What does this message mean? should I take actions?


Thank you!
Po Chun

Hi Po Chun,

For #1, what I was writing about would only apply if you’re using “malloc” within device code. If you’re only using malloc from the host, then this error is coming from something else, though in the code snip-it you showed, “t” and “q” were within an “acc loop independent”, which assuming is within an outer compute region, would be performed on the device.

Could you post or send to PGI Customer Service (trs@pgroup.com) an example where I could reproduce the issue? I don’t want to point you in the wrong direction which can happen if I given only partial snipits of the code.
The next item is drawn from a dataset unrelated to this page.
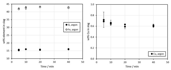 Figure 4 and Figure 5 show the concentrations of silicon, iron, and copper in molten slag as a function of contact time in air and argon atmospheres, respectively. It is evident that in air atmosphere, the concentrations of the major elements Fe and Si in the slag are changing until 150 s contact time, and become relatively stable after that. The copper concentration in the slag also seems to increase until 150 s time, and stabilizes after that. For the experiments conducted in inert argon atmosphere, the changes in composition were smaller. This was most likely due to the absence of free oxygen and longer contact times. The results presented in Figure 5 correspond to the microstructures shown in Figure 3; no major changes occurred as the contact time was increased.

Note, an “illegal address” error is similar to a host-side seg fault where a bad device address was dereferenced. It’s somewhat generic in that it could be coming from dereferencing a host address, an out-of-bounds memory access, accessing a null ptr, stack/heap overflows, etc. Although it’s listed as coming from the call to “cuMemcpyDtoHAsync”, it most likely that the kernel that runs before this call is actually causing the error, but the CUDA runtime doesn’t trigger the error until the next API call.

I would suggest setting the environment flag “PGI_ACC_DEBUG=1” to see which OpenACC compute region (i.e. which CUDA kernel) is executed before the error. It wont tell you why it’s erroring, but just where to start looking.

For #2, the compiler will attempt to auto-parallelize loops when using the “kernels” compute region or loops within a “parallel” compute region that are not explicitly marked with a “loop” directive. Though to safely auto-parallelize a loop, the compiler must first prove that the loop does not contain dependencies.

In C/C++ since pointers of the same type are allowed to be aliased, the compiler must assume that they are. Since aliased pointers aren’t safe to parallelize, this often prevents auto-parallelization. You can force parallelization by adding a “loop” directive when using a “parallel” compute region, or a “loop independent” directive when using “kernels”. Though it’s up to the user to make sure that the code is actually independent and safe to parallelize.

Again, having a full example would help me here. I can’t tell from this info if the problem is potential aliasing between “rdata”, “data”, and “limage->rdata” or something else.

Also, are you using Vectors? Vectors are not thread safe so should be used with caution in parallel execution. It’s usually ok if all you’re doing is reading or writing to an existing vector, but will become problematic if you are trying to push or pop from the list. Vectors are also difficult to perform device data management on since they simply consist of just three pointers which need to get translated to device pointers. Possible to do, but it much easier to use CUDA Unified Memory (-ta=tesla:managed) when using vector since both the device and host can access the same pointer addresses.

-Mat

Hi Mat,

I made some changes according to your suggestion and sent my project and source code to PGI Customer Service. Many thanks for your support.

Po Chun